Когда матушка Лейли сказала ей о мужчине, за которого она выйдет, она не ответила ни гневом, ни слезами. Склонив голову, Лейли покорно отвечала: «Я в твоем распоряжении, матушка». Ибо что это значило?

Родители Лейли выбрали ей богатого мужа из уважаемого бедуинского племени. В день свадьбы семьи воздвигли большие черные шатры в пустыне и украсили их мягкими коврами, чашами с фруктами, благовонными курильницами, масляными светильниками. Лейли надела алое платье, вышитое серебряной нитью, и серебряные туфли. На шее у нее были тонкие серебряные цепочки, а в них сердолики с вырезанными стихами священного Корана.

Когда муж Лейли первый раз приветствовал ее, она не ощутила ничего, кроме равнодушия. Он улыбнулся ей, открыв дыру на месте потерянного зуба. Обмениваясь брачными клятвами, Лейли не могла думать ни о ком, кроме человека, которого она любила. — Меджнуна.

Меджнун был из ее племени, и детьми они вместе играли в пустыне. Однажды он принес ей распустившийся желтый пустынный цветок и робко уронил его ей на колени. Даже когда ей исполнилось десять и она скрылась под покрывалом, она думала о Меджнуне и любила только его. Он вырос в красивого юношу, высокого и стройного, в белой рубахе и тюрбане. Ему не удавалось сдержать улыбку, когда она проходила мимо. И хотя он не мог ее видеть, ее красота была известна всему племени, бесспорная, как свет луны.

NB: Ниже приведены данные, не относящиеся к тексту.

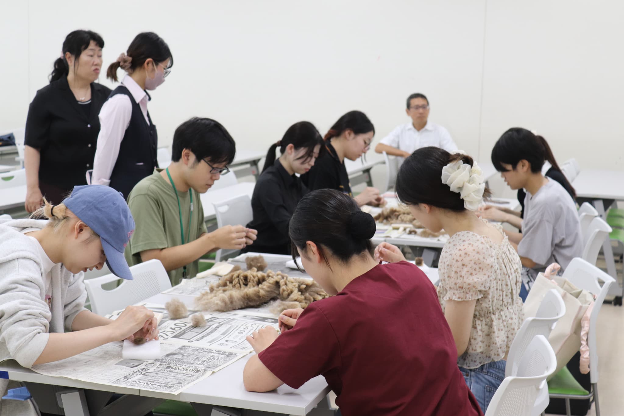 本学 富士アニマルファームの羊毛を使用して羊毛フェルト作品を作製!

Когда Меджнун достаточно повзрослел, то попросил своего отца пойти со сватовством к родителям Лейли. Ему отказали, потому что у Меджнуна были странные привычки. Он уже тогда проводил целые сутки в пустыне. Приходил обратно исхудавший, изможденный, одетый лишь в белый тюрбан и набедренную повязку, и рассудок возвращался к нему лишь спустя некоторое время. Так он и получил свое прозвище Меджнун, что означает «безумный».

«Что с твоим сыном?» — спросил отец Лейли.

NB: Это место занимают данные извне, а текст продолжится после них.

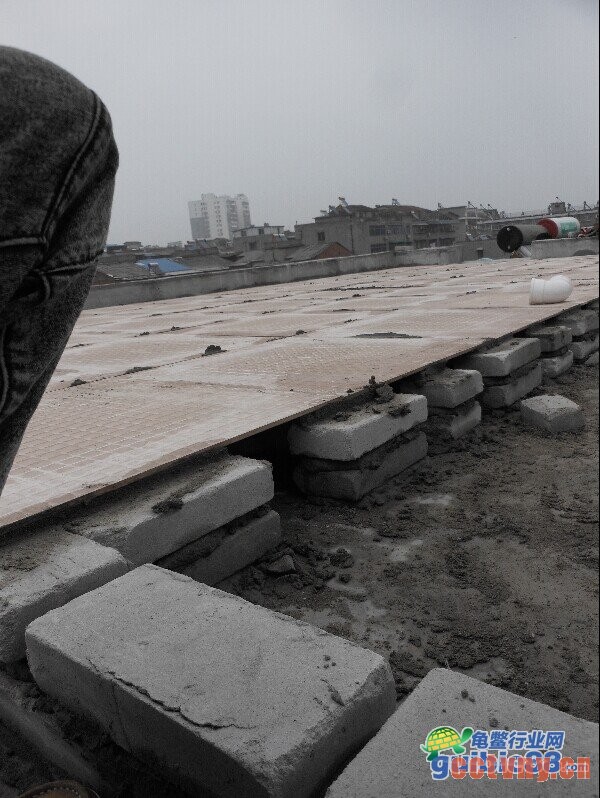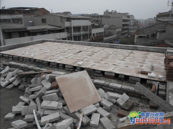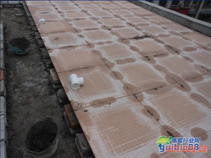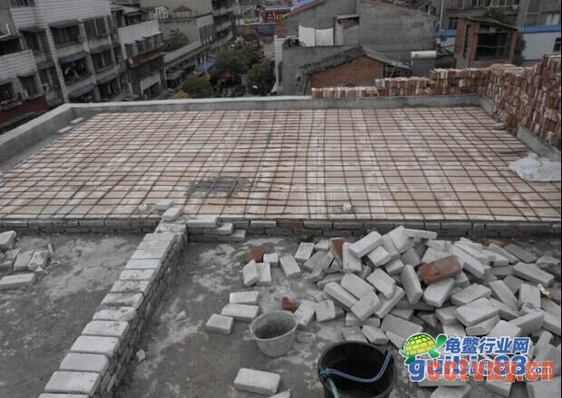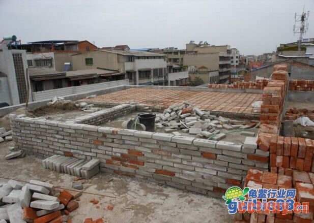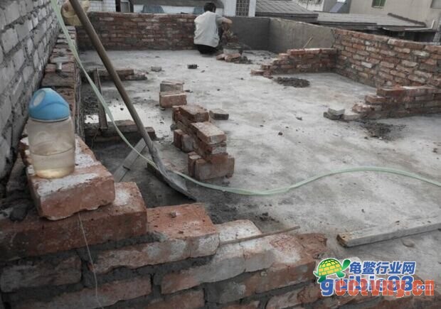 目的是减少龟池对楼板的承重.分摊受力.我是每块地板砖5个点垫砖,四个角+中心。然后平铺地板砖.砖的各边尺寸是6cm 12cm 24cm 我用的6cm的2层 因为我下水管比较粗 ,架砖的目的有两点.1就是埋水管 2就是如果万一不幸龟池底子漏水这样不会直接渗下去.

Отец Меджнуна не смог ответить, потому что и сам не знал, что гонит его сына в пустыню и почему он возвращается таким, словно увидел Всемогущего.

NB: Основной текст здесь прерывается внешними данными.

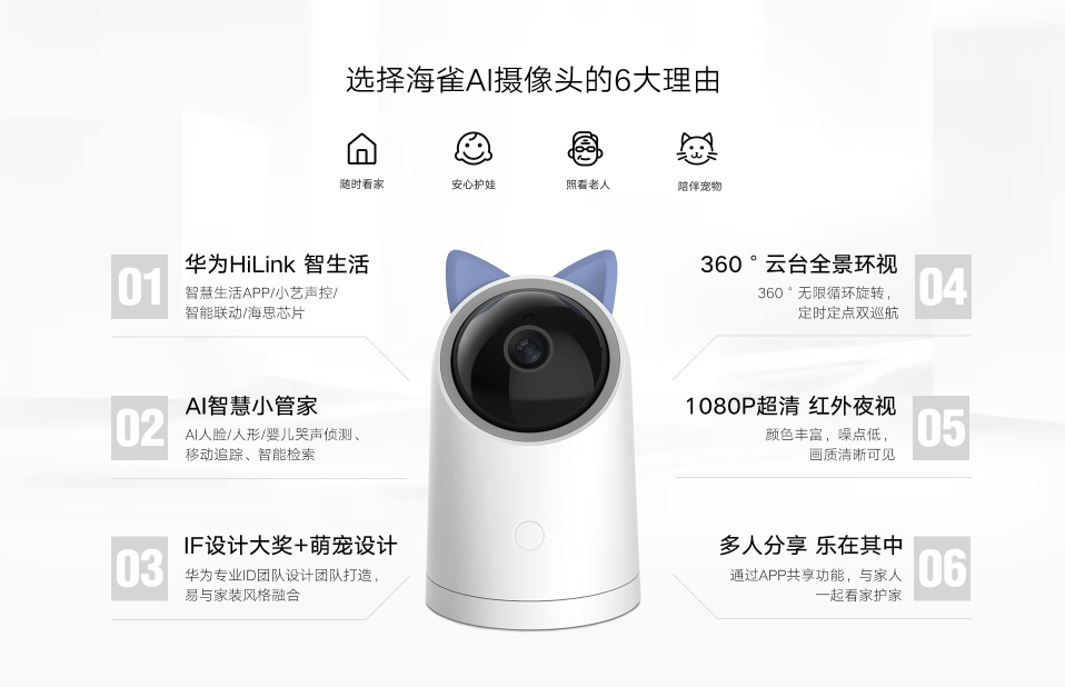 華為智選生態(tài)產(chǎn)品 海雀AI全景攝像頭(白色)(支持HUAWEI HiLink)

После того как родители Лейли отказали ему, Меджнун бежал в пустыню и жил один, почти без пищи и воды. Когда он замечал газель или другого зверя в ловушке, то отпускал его, и вскоре звери начали собираться возле его убежища и ложились рядом с ним у огня. Хищники становились дружелюбны при нем, и все защищали его от опасностей.

Для зверей, окружавших его, Меджнун складывал стихи, где вспоминал имя возлюбленной, стихи столь прекрасные, что проходившие путники запоминали их и разносили по другим бедуинским стоянкам. Скоро имя Лейли звучало повсюду, и родители решили выдать ее замуж, чтобы спасти ее честь. Зная, что она не сможет выйти за своего любимого, Лейли приняла выбор родителей, не желая их позорить. Любой из мужчин был равно чужим ей, если он не был Меджнуном.

После свадебных празднеств Лейли тихо сидела на брачной постели, ожидая своего мужа, Ибн Салама. Радостный, что может назвать ее своей наградой, он вошел и преподнес ей блюдо сладчайших фиников, тщательно отобранных на принадлежавших ему финиковых пальмах. Она вежливо отведала их и дружелюбно говорила с ним, истинный портрет покорной жены. Но когда он коснулся ее руки, она отдернулась. Ночь уходила, а он все еще не смел коснуться ее губ своими или обнять ее талию загорелыми руками. На рассвете он уснул рядом, одетый, а она свернулась рядом с ним.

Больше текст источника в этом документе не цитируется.